• _HOW TO COMPLETE THIS TASK_:
While you copy the lines below, skip the pictures and keep the rest exact.

• _SUPPLIED DATA_:
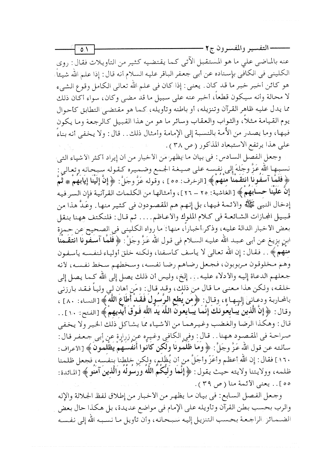 وجعل الفصل السادس: فى بيان ما يظهر من الأخبار من أن إيراد أكثر الأشياء التى نسبها الله عَزَّ وجَلَّ إلى نفسه على صيغة الجمع وضميره كقوله سبحانه وتعالى: {فَلَمَّآ آسَفُونَا انتقمنا مِنْهُمْ} [الزخرف: 55] ، وقوله عَزَّ وجَلَّ: {إِنَّ إِلَيْنَآ إِيَابَهُمْ * ثُمَّ إِنَّ عَلَيْنَا حِسَابَهُمْ} [الغاشية: 25-26] ، وأمثالها من الكلمات القرآنية فإن السر فيه إدخال النبى صلى الله عليه وسلم والأئمة فيها، بل إنهم هم المقصودون فى كثير منها. وعَدَّ هذا من قبيل المجازات الشائعة فى كلام الملوك والأعاظم ... ثم قال: فلنكتف ههنا بنقل بعض الأخبار الدالة عليه، وذكر أخباراً، منها: ما رواه الكلينى فى الصحيح عن حمزة بن بزيغ عن أبى عبد الله عليه السلام فى قول الله عَزَّ وجَلَّ: {فَلَمَّآ آسَفُونَا انتقمنا مِنْهُمْ} .. فقال: إن الله تعالى لا يأسف كأسفنا، ولكنه خلق أولياء لنفسه يأسفون وهم مخلوقون مربوبون، فجعل رضاهم رضا نفسه، وسخطهم سخط نفسه، لأنه جعلهم الدعاة إليه والأدلاء عليه ... إلخ، وليس أن ذلك يصل إلى الله كما يصل إلى خلقه، ولكن هذا معنى ما قال من ذلك، وقد قال: "مَن أهان لى ولياً فقد بارزنى بالمحاربة ودعانى إليها"، وقال: {مَّنْ يُطِعِ الرسول فَقَدْ أَطَاعَ الله} [النساء: 80] ، وقال: {إِنَّ الذين يُبَايِعُونَكَ إِنَّمَا يُبَايِعُونَ الله يَدُ الله فَوْقَ أَيْدِيهِمْ} [الفتح: 10] .. قال: وهكذا الرضا والغضب وغيرهما من الأشياء مما يشاكل ذلك الخبر ولا يخفى صراحة فى المقصود ههنا.. قال: وفى الكافى وغيره عن زرارة عن أبى جعفر قال: سألته عن قول الله عَزَّ وجَلَّ: {وَمَا ظَلَمُونَا ولاكن كانوا أَنْفُسَهُمْ يَظْلِمُونَ} [الأعراف: 160] فقال: إن الله أعظم وأعَزّ وأجَلّ من أن يُظلم، ولكن خلطنا بنفسه، فجعل ظلمنا ظلمه، وولايتنا ولايته حيث يقول: {إِنَّمَا وَلِيُّكُمُ الله وَرَسُولُهُ والذين آمَنُواْ} [المائدة: 55] .. يعنى الأئمة منا (ص 39) .
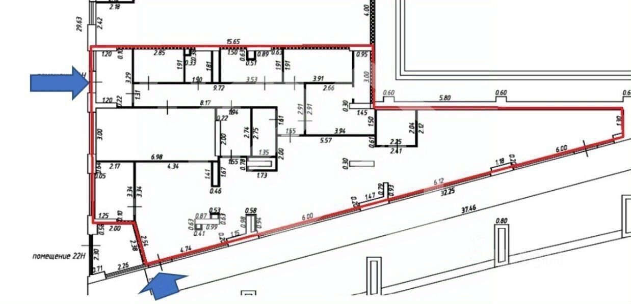 1047931. Предлагаем угловое помещение свободного назначения с арендатором "Самокат", площадью 203.7 кв. м, расположенное на первом этаже 26-этажного жилого дома в ЖК "Тринити". Без комиссии для покупателя.
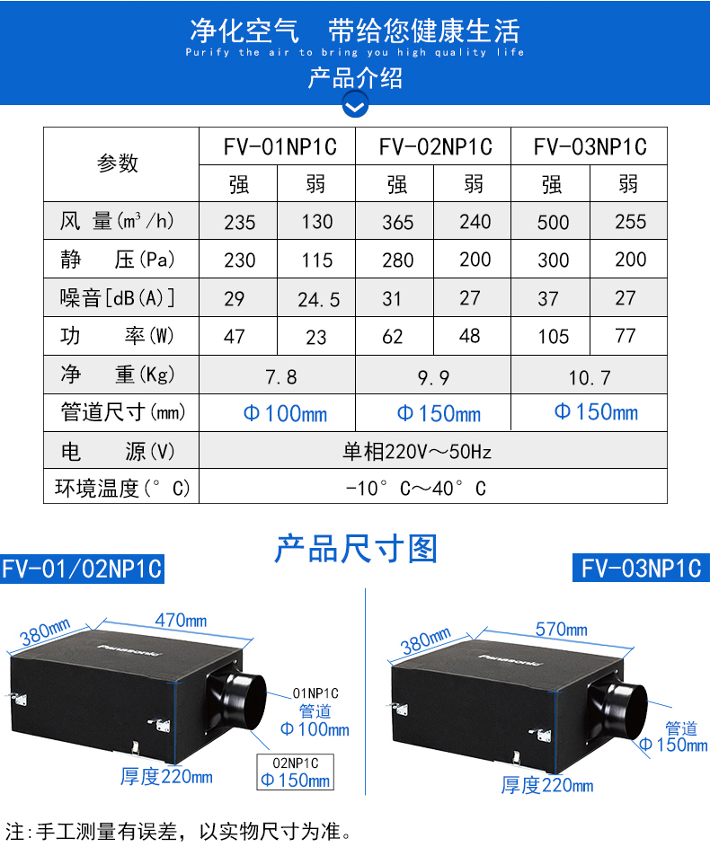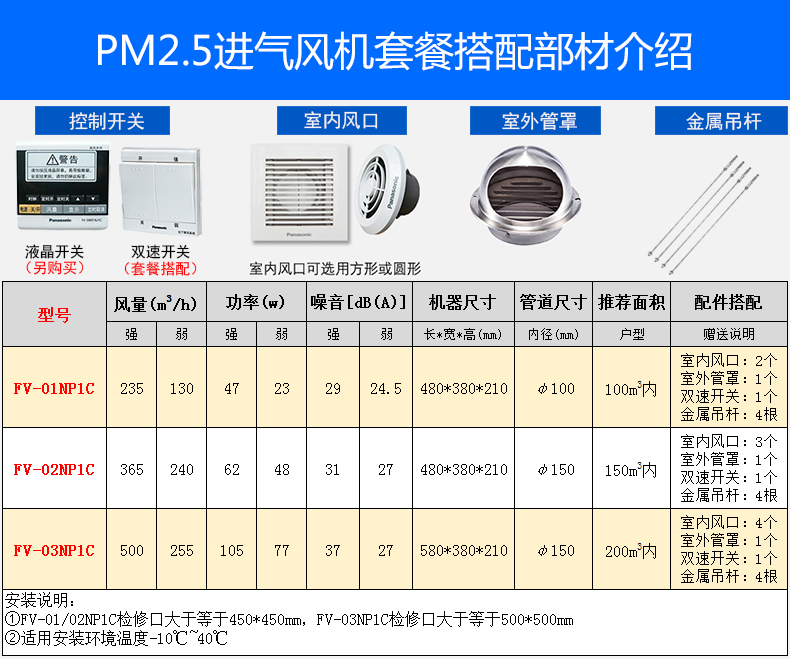 • 颜色分类:FV-01NP1C 风量235【两厅二房/100平内】套餐送配件FV-02NP1C 风量365【两厅三房/150平内】套餐送配件FFV-03NP1C 风量500【两厅四房/200平内】套餐送配件
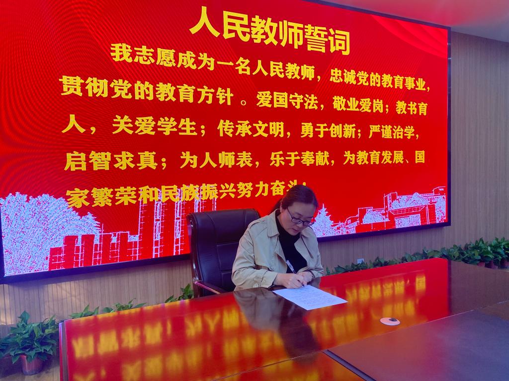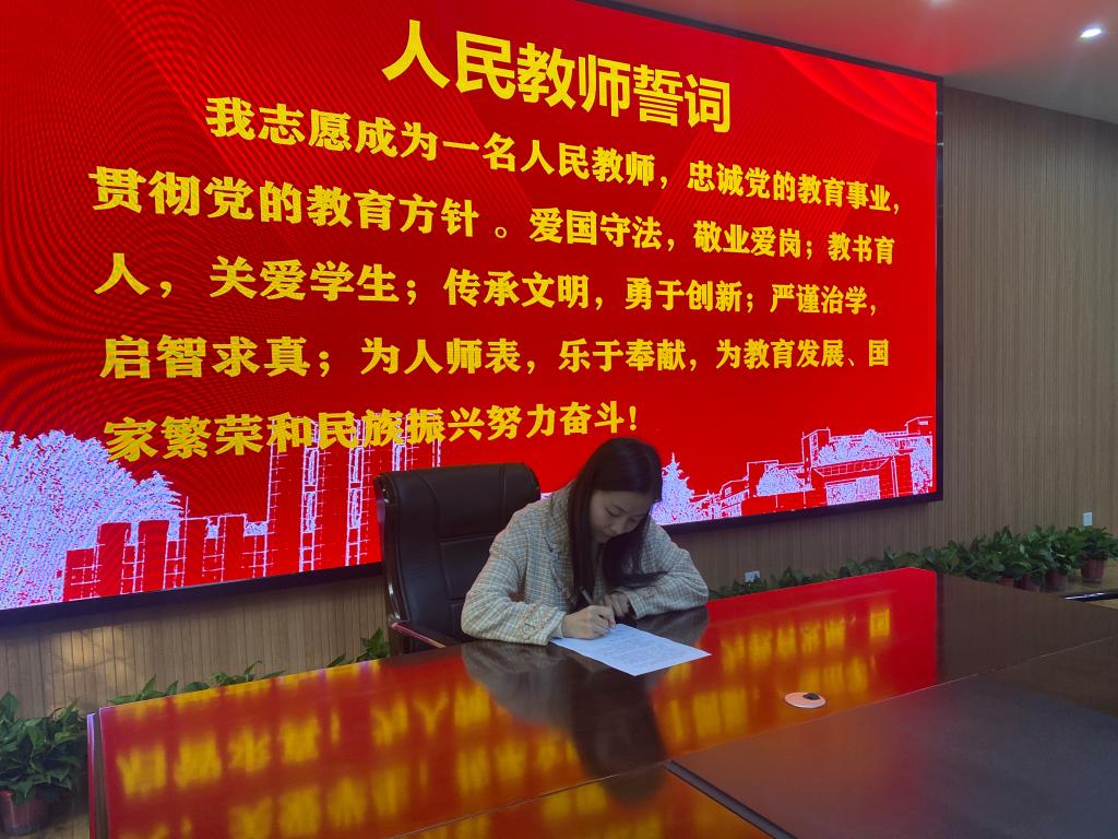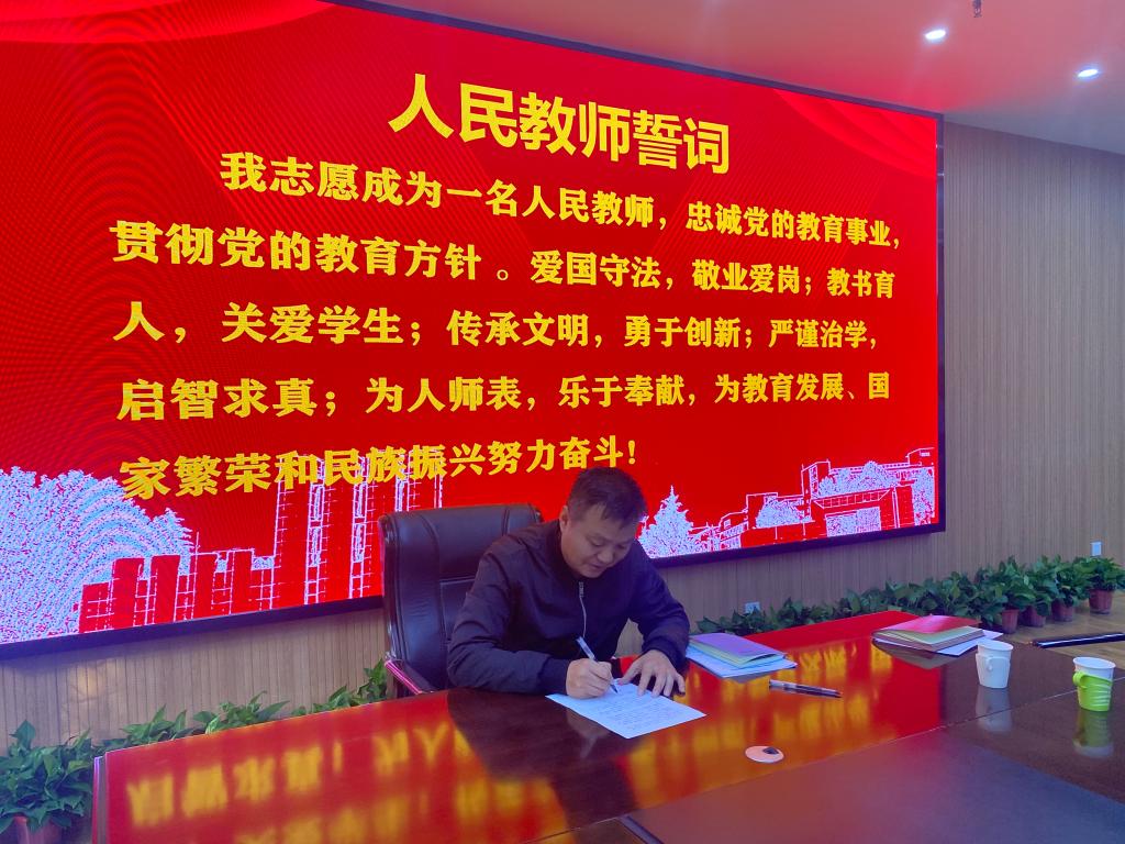支部书记徐光秀结合党史学习教育对支部全体党员提出要求,他强调,一是要持续开展党史学习教育,不断增强理想信念和党性修养。二是把党史学习教育落实落地,做到悟思想更深化,办实事更细化,宣传教育更强化。三是把党史学习教育走深走实,营造班子成员带头学党史,支部党员人人学的氛围。最后在徐光秀同志的带领下,全体党员举起右手重温教师誓词,并签订了《洛阳388vip太阳集团教师行为规范承诺书》。

• _WRITTEN ANSWER_:
 وجعل الفصل السادس: فى بيان ما يظهر من الأخبار من أن إيراد أكثر الأشياء التى نسبها الله عَزَّ وجَلَّ إلى نفسه على صيغة الجمع وضميره كقوله سبحانه وتعالى: {فَلَمَّآ آسَفُونَا انتقمنا مِنْهُمْ} [الزخرف: 55] ، وقوله عَزَّ وجَلَّ: {إِنَّ إِلَيْنَآ إِيَابَهُمْ * ثُمَّ إِنَّ عَلَيْنَا حِسَابَهُمْ} [الغاشية: 25-26] ، وأمثالها من الكلمات القرآنية فإن السر فيه إدخال النبى صلى الله عليه وسلم والأئمة فيها، بل إنهم هم المقصودون فى كثير منها. وعَدَّ هذا من قبيل المجازات الشائعة فى كلام الملوك والأعاظم ... ثم قال: فلنكتف ههنا بنقل بعض الأخبار الدالة عليه، وذكر أخباراً، منها: ما رواه الكلينى فى الصحيح عن حمزة بن بزيغ عن أبى عبد الله عليه السلام فى قول الله عَزَّ وجَلَّ: {فَلَمَّآ آسَفُونَا انتقمنا مِنْهُمْ} .. فقال: إن الله تعالى لا يأسف كأسفنا، ولكنه خلق أولياء لنفسه يأسفون وهم مخلوقون مربوبون، فجعل رضاهم رضا نفسه، وسخطهم سخط نفسه، لأنه جعلهم الدعاة إليه والأدلاء عليه ... إلخ، وليس أن ذلك يصل إلى الله كما يصل إلى خلقه، ولكن هذا معنى ما قال من ذلك، وقد قال: "مَن أهان لى ولياً فقد بارزنى بالمحاربة ودعانى إليها"، وقال: {مَّنْ يُطِعِ الرسول فَقَدْ أَطَاعَ الله} [النساء: 80] ، وقال: {إِنَّ الذين يُبَايِعُونَكَ إِنَّمَا يُبَايِعُونَ الله يَدُ الله فَوْقَ أَيْدِيهِمْ} [الفتح: 10] .. قال: وهكذا الرضا والغضب وغيرهما من الأشياء مما يشاكل ذلك الخبر ولا يخفى صراحة فى المقصود ههنا.. قال: وفى الكافى وغيره عن زرارة عن أبى جعفر قال: سألته عن قول الله عَزَّ وجَلَّ: {وَمَا ظَلَمُونَا ولاكن كانوا أَنْفُسَهُمْ يَظْلِمُونَ} [الأعراف: 160] فقال: إن الله أعظم وأعَزّ وأجَلّ من أن يُظلم، ولكن خلطنا بنفسه، فجعل ظلمنا ظلمه، وولايتنا ولايته حيث يقول: {إِنَّمَا وَلِيُّكُمُ الله وَرَسُولُهُ والذين آمَنُواْ} [المائدة: 55] .. يعنى الأئمة منا (ص 39) .
 1047931. Предлагаем угловое помещение свободного назначения с арендатором "Самокат", площадью 203.7 кв. м, расположенное на первом этаже 26-этажного жилого дома в ЖК "Тринити". Без комиссии для покупателя.
 • 颜色分类:FV-01NP1C 风量235【两厅二房/100平内】套餐送配件FV-02NP1C 风量365【两厅三房/150平内】套餐送配件FFV-03NP1C 风量500【两厅四房/200平内】套餐送配件
支部书记徐光秀结合党史学习教育对支部全体党员提出要求,他强调,一是要持续开展党史学习教育,不断增强理想信念和党性修养。二是把党史学习教育落实落地,做到悟思想更深化,办实事更细化,宣传教育更强化。三是把党史学习教育走深走实,营造班子成员带头学党史,支部党员人人学的氛围。最后在徐光秀同志的带领下,全体党员举起右手重温教师誓词,并签订了《洛阳388vip太阳集团教师行为规范承诺书》。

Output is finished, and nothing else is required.